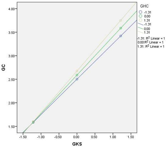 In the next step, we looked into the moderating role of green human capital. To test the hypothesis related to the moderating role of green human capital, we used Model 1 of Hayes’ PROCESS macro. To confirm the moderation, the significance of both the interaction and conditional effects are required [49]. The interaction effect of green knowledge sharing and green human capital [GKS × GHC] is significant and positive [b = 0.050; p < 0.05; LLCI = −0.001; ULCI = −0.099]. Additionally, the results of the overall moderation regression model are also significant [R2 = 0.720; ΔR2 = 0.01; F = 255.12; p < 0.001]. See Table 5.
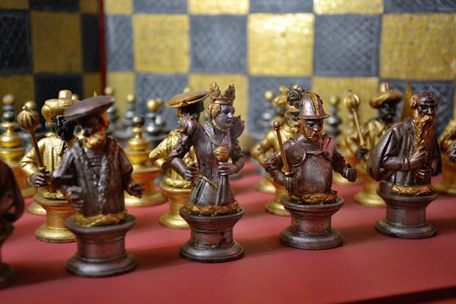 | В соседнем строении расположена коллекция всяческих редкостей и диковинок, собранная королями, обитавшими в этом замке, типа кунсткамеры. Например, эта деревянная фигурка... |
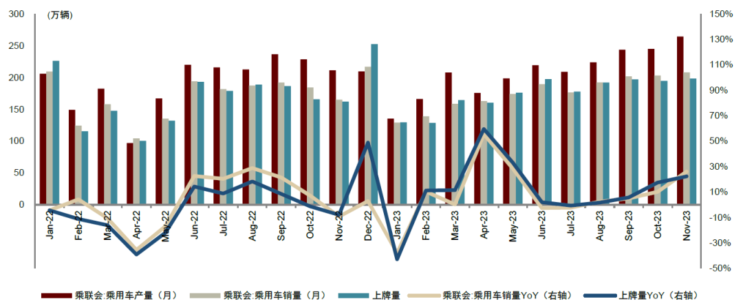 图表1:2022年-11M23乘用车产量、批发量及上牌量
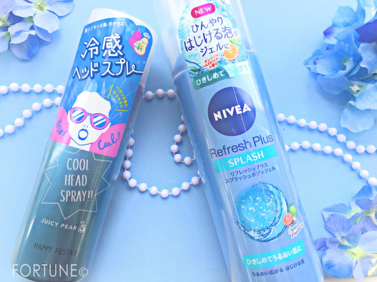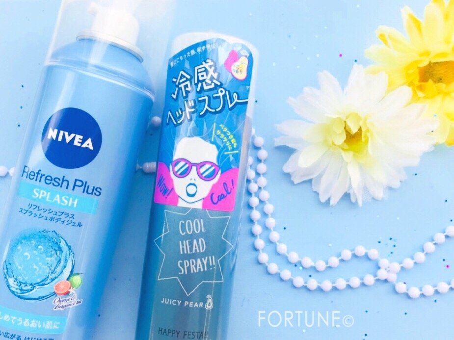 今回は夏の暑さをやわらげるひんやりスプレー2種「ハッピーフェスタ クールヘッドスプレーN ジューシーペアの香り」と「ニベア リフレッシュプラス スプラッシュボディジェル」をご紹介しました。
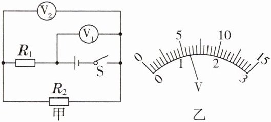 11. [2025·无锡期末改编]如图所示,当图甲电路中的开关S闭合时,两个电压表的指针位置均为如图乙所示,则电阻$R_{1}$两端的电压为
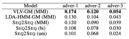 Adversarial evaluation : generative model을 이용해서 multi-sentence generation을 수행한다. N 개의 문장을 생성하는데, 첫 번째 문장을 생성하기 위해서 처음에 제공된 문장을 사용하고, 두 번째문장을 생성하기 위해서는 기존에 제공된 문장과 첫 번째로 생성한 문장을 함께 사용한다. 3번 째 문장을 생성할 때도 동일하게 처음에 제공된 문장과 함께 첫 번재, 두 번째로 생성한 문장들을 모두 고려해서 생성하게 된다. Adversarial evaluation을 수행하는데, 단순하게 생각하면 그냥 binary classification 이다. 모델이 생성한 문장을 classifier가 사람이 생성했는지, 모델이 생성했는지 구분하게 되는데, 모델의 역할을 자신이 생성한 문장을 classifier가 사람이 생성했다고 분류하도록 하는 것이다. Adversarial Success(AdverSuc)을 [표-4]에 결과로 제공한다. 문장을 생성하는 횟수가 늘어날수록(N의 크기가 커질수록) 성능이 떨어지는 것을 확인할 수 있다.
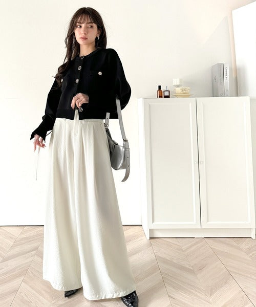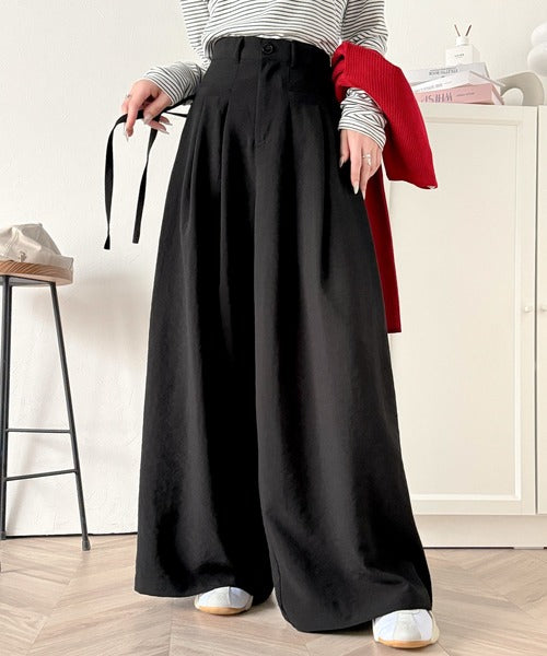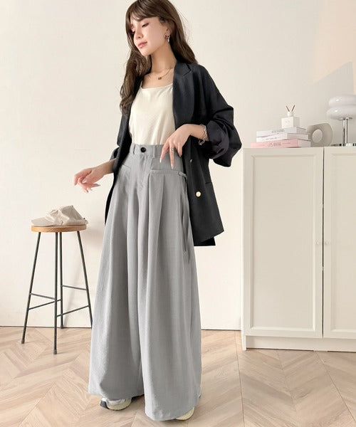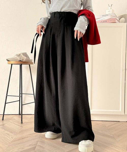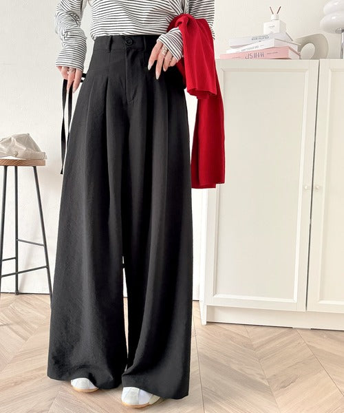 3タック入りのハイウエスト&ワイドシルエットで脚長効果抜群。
==
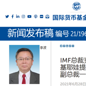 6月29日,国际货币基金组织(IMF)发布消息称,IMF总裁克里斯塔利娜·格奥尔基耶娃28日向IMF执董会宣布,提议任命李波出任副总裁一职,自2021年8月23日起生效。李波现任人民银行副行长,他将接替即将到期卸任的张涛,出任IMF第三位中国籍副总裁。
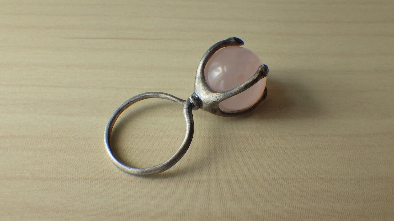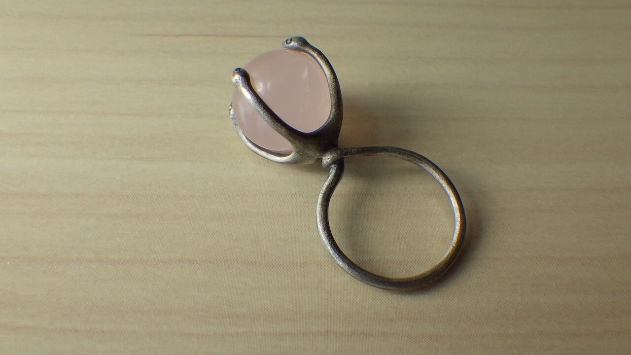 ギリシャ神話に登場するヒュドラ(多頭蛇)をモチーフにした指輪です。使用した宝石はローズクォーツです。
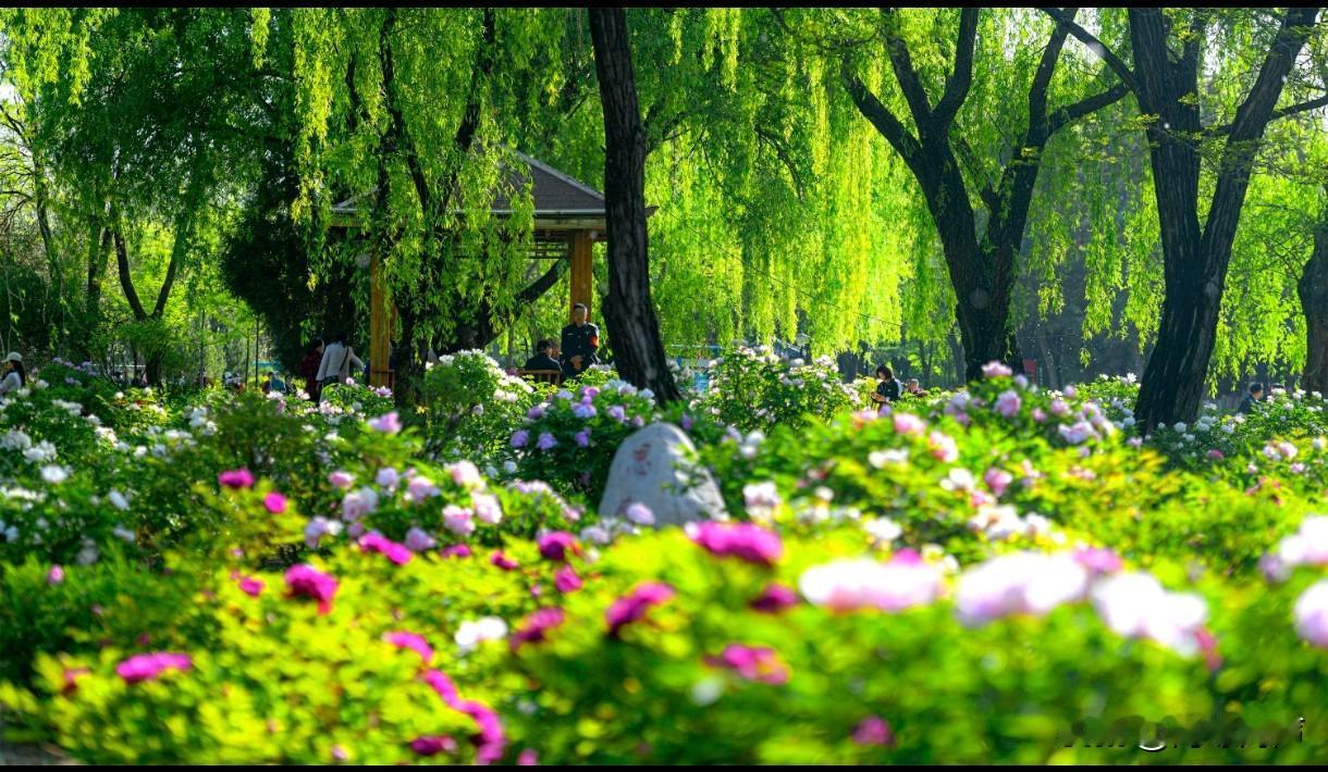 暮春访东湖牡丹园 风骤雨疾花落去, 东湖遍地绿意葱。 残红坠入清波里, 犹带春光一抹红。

What is required: In the listing above, find the line containing "今回は夏の暑さをやわらげるひんやりスプレー2種「ハッピーフェスタ クールヘッドスプレーN ジューシーペアの香り」と「ニベア" and the line containing "11. [2025·无锡期末", then return both of them and every line between, exactly, without pictures.

Your response:
 今回は夏の暑さをやわらげるひんやりスプレー2種「ハッピーフェスタ クールヘッドスプレーN ジューシーペアの香り」と「ニベア リフレッシュプラス スプラッシュボディジェル」をご紹介しました。
 11. [2025·无锡期末改编]如图所示,当图甲电路中的开关S闭合时,两个电压表的指针位置均为如图乙所示,则电阻$R_{1}$两端的电压为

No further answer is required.